Commit 90a3dcb
doc: Strengthen and adjust
The `copy-royal` algorithm maintains the patterns and "shape" of
text sufficiently to keep diffs the same (in the vast majority of
cases). It is used in `internal-tools` to help prepare test cases
with what is important and relevant to a regression test of diff
behavior, rather than the exact original repository content in a
tree that has been found to trigger a bug. It avoids needless
verbatim reproduction, while preserving aspects that are useful and
necessary for testing. It keeps the focus on patterns, preventing
irrelevant details of code in a tree that triggered a bug from
being confused with the logic of gitoxide itself, and makes it less
likely to be touched inadvertently in efforts to fix bugs or
improve style (which, in test data, would cause subtle breakage).
Although these benefits are substantial and we intend to continue
using copy-royal in the preparation of test cases as needed if or
when regressions arise, some of the guidance and rationale we had
given for its use was inaccurate or misleading. Most importantly,
copy-royal cannot be used in practice to redact sensitive
information: if you have a repository whose contents should not be
made public, then it is not safe to share the output of copy-royal
run on that repository either.
Copy-royal is implemented (roughly speaking) by mapping alphabetic
characters down to ten letters. This removes some information, at
least in principle: that is, if it were given totally random
letters as input, then it would be impossible to reverse it to get
those letters back. Even on input that is much more structured and
predictable, such as real-world input, it obfuscates it, making it
look garbled and nonsensical. However, even when one intuitively
feels that it has destroyed information, it is possible to reverse
it in many cases, and possibly even in all practical cases.

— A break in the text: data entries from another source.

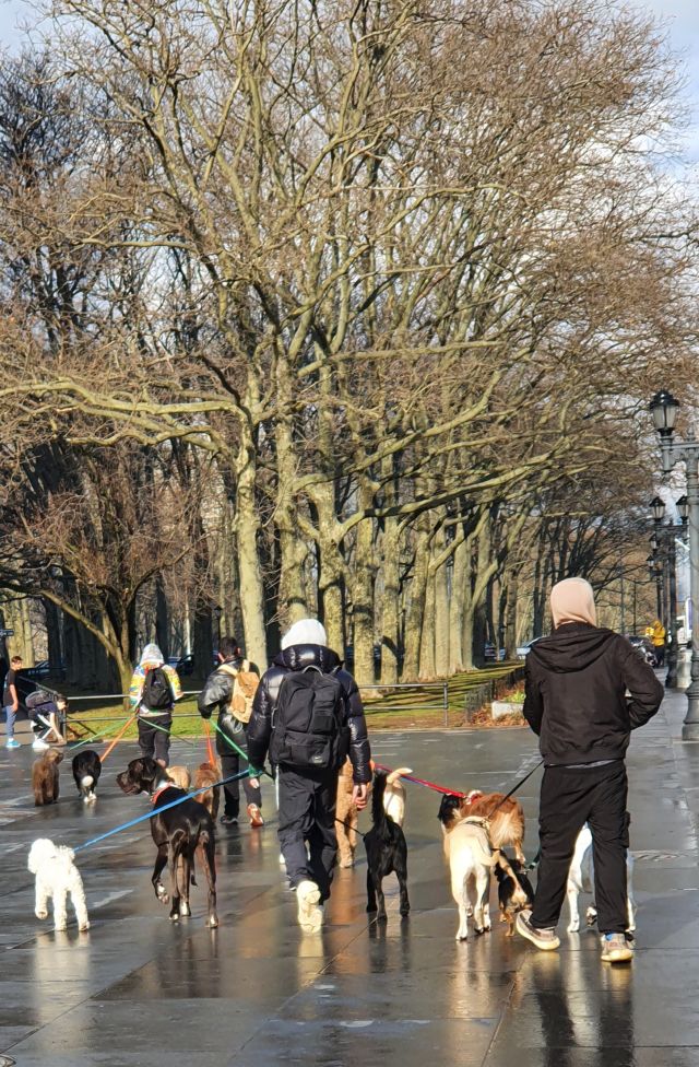 El barri ja apunta un cert status quan veus tants passejadors de gossos. De fet se’n veien una colla.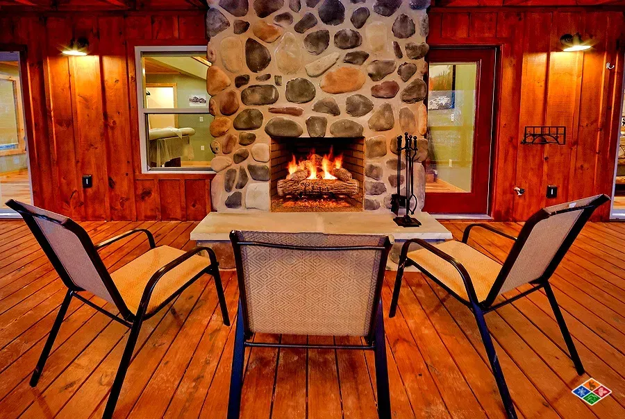 Covered Deck with wood burning fireplace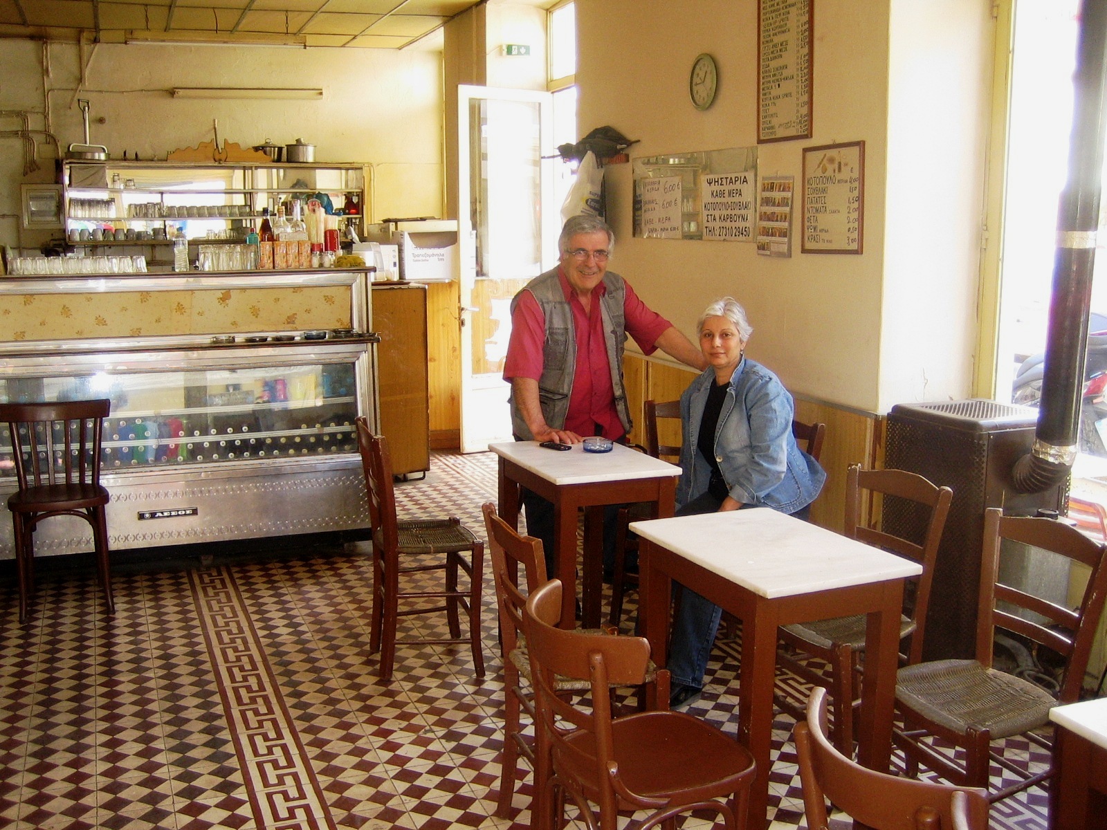 Ο Κώστας με τη γυναίκα του τη Σοφία Γεωργίου Θεοδοσίου από τη Σπάρτη με ρίζες από Μ. Ασία που ανέλαβαν την ευθύνη να ταξιδέψουν το μαγαζί στις επόμενες δεκαετίες, είχαν τη σοφία και την προνοητικότητα να μην αλλάξουν την ταυτότητα, το χαρακτήρα, την ατμόσφαιρα που ιστορικά κουβάλαγε μαζί του το καφενείο και την όλη εικόνα του: Τα παλιά κεραμικά πλακάκια με τους καφετιούς ρόμβους και τους μαίανδρους παρέμειναν στο πάτωμα. Τα παραδοσιακά τραπεζάκια με το μάρμαρο που περηφανεύονται ότι κουβαλούν επάξια την ιστορία και την παράδοση του καφενείου καθώς και οι ξύλινες καρέκλες «τύπου Βιέννης» με ιστορία και αναμνήσεις ετών παρέμειναν επίσης στη θέση τους, όπως και το παλιό επαγγελματικό ψυγείο μάρκας «ΑΣΣΟΣ», που, επιβλητικό και σοβαρό δεσπόζει ακόμα στο χώρο κάνοντας άψογα τη δουλειά του, αν κι έχουν περάσει από πάνω του τόσα χρόνια. Πίσω από το ψυγείο η κουζίνα με το πετρογκάζ, τα μπρίκια, τα κατσαρολικά, τα τηγάνια, τα ποτήρια, τα φλιτζάνια, τους δίσκους και όλα τα συναφή καθώς και η μεγάλη ψησταριά για τα ψητά της ώρας. Ένα μοναδικό σκηνικό βγαλμένο από ανέκδοτες ιστορίες των παππούδων σου. Μερικοί καθρέφτες, ένα ρολόι, μια τηλεόραση και ο απαραίτητος κατάλογος στον τοίχο συμπληρώνουν τη λιτή και απέριττη διακόσμηση αυτού του παραδοσιακού και αυθεντικού καφενείου της Σπάρτης.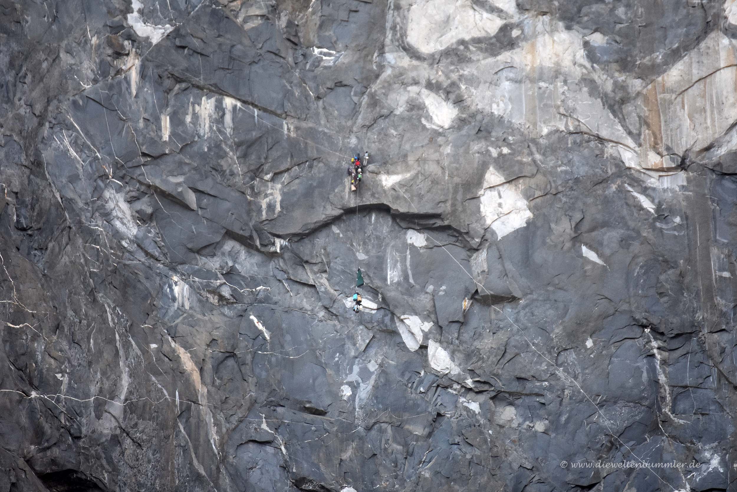 Ein paar Squirrels begegneten uns noch unterwegs und zum Schluss des Yosemite-Aufenthaltes ließen wir noch ein paar Dollar im Besucherzentrum zurück, um ein paar Andenken zu kaufen. Danach begannen wir damit, den Nationalpark langsam zu verlassen. Aber immer wieder hielten wir natürlich an und machten noch ein paar Bilder. Genau unterhalb des El Capitan erkannten wir dann auch bei der Rückfahrt, dass dort im Fels einige Kletterer unterwegs waren. Wenn man so direkt davor steht, ist das natürlich Schwindel erregend, den Leuten dabei zuzuschauen, wie sie sich mit großem Gepäck an der Wand entlang hangeln.

The reason is that, in real world source code and natural language,
some sequences of letters are overwhelmingly more likely to occur
than others, both in general and (especially) contextually given
what surrounding text is present. The information that is removed
by mapping into ten letters could often be reconstructed by:
1. Building a grammar of possible inputs, which can be done in a
simple manner by translating the copy-royal output one wishes to
reverse into a regular expression in which every symbol in the
copy-royal output becomes a character class of characters that
map to it. In effect, for every output of the copy-royal
algorithm, there is a regex that matches the possible inputs.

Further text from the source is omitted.